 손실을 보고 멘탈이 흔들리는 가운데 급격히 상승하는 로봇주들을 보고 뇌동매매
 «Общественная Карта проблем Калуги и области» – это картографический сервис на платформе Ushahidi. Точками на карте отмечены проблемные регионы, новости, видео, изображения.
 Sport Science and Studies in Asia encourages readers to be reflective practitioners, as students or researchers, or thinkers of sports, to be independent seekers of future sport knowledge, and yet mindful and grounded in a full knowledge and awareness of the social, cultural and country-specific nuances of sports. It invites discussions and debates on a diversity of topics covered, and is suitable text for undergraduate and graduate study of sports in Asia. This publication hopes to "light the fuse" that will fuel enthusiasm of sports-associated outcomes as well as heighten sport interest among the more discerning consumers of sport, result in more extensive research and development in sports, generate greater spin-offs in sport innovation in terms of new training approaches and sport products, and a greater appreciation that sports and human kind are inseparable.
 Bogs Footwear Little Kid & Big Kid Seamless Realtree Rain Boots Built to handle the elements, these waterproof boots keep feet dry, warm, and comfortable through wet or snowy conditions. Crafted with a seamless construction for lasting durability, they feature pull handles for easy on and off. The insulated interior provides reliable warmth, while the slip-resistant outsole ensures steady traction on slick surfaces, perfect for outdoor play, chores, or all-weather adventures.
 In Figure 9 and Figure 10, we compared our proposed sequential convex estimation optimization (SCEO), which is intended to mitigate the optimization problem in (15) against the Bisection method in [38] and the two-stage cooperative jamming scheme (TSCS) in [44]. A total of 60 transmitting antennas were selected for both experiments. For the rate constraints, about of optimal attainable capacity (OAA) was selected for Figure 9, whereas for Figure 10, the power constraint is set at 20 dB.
* * *
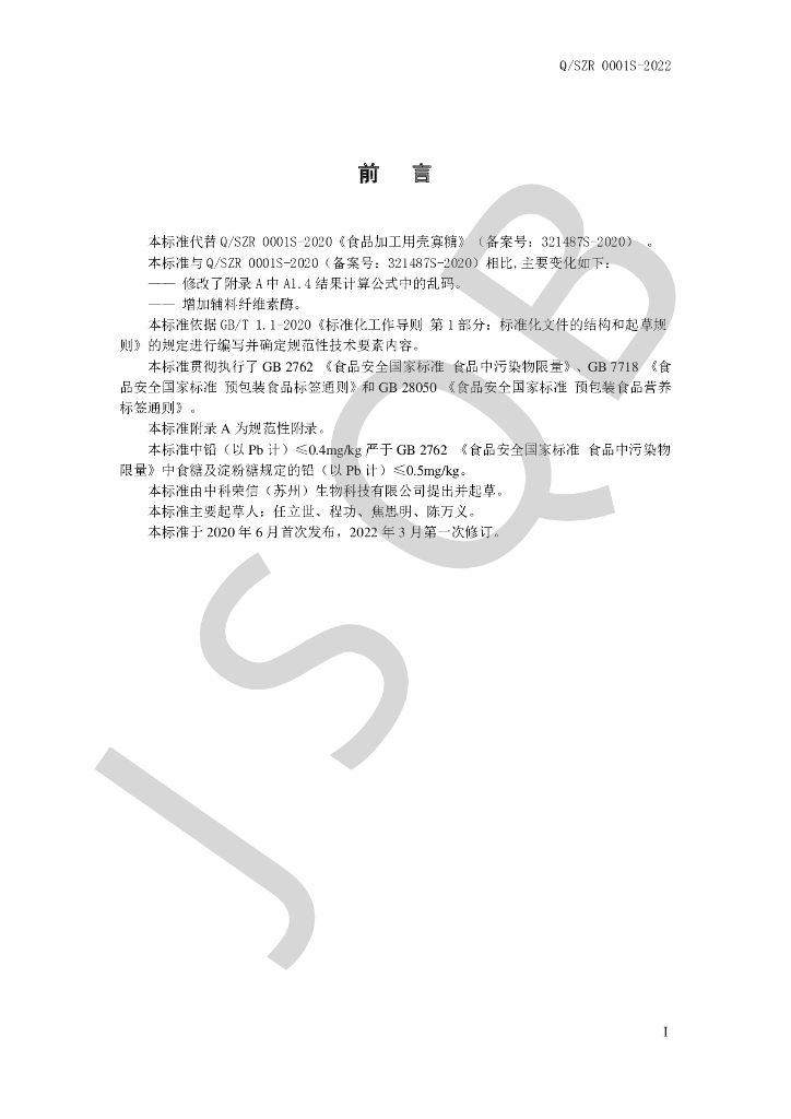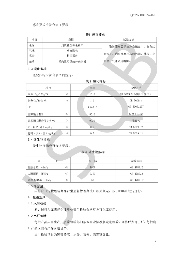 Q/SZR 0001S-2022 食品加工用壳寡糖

ACTIVITY: Given the records above, restate word for word only the lines starting at the one with "Bogs Footwear Little" and ending at the one with "In Figure 9".

EXERCISE RESPONSE:
 Bogs Footwear Little Kid & Big Kid Seamless Realtree Rain Boots Built to handle the elements, these waterproof boots keep feet dry, warm, and comfortable through wet or snowy conditions. Crafted with a seamless construction for lasting durability, they feature pull handles for easy on and off. The insulated interior provides reliable warmth, while the slip-resistant outsole ensures steady traction on slick surfaces, perfect for outdoor play, chores, or all-weather adventures.
 In Figure 9 and Figure 10, we compared our proposed sequential convex estimation optimization (SCEO), which is intended to mitigate the optimization problem in (15) against the Bisection method in [38] and the two-stage cooperative jamming scheme (TSCS) in [44]. A total of 60 transmitting antennas were selected for both experiments. For the rate constraints, about of optimal attainable capacity (OAA) was selected for Figure 9, whereas for Figure 10, the power constraint is set at 20 dB.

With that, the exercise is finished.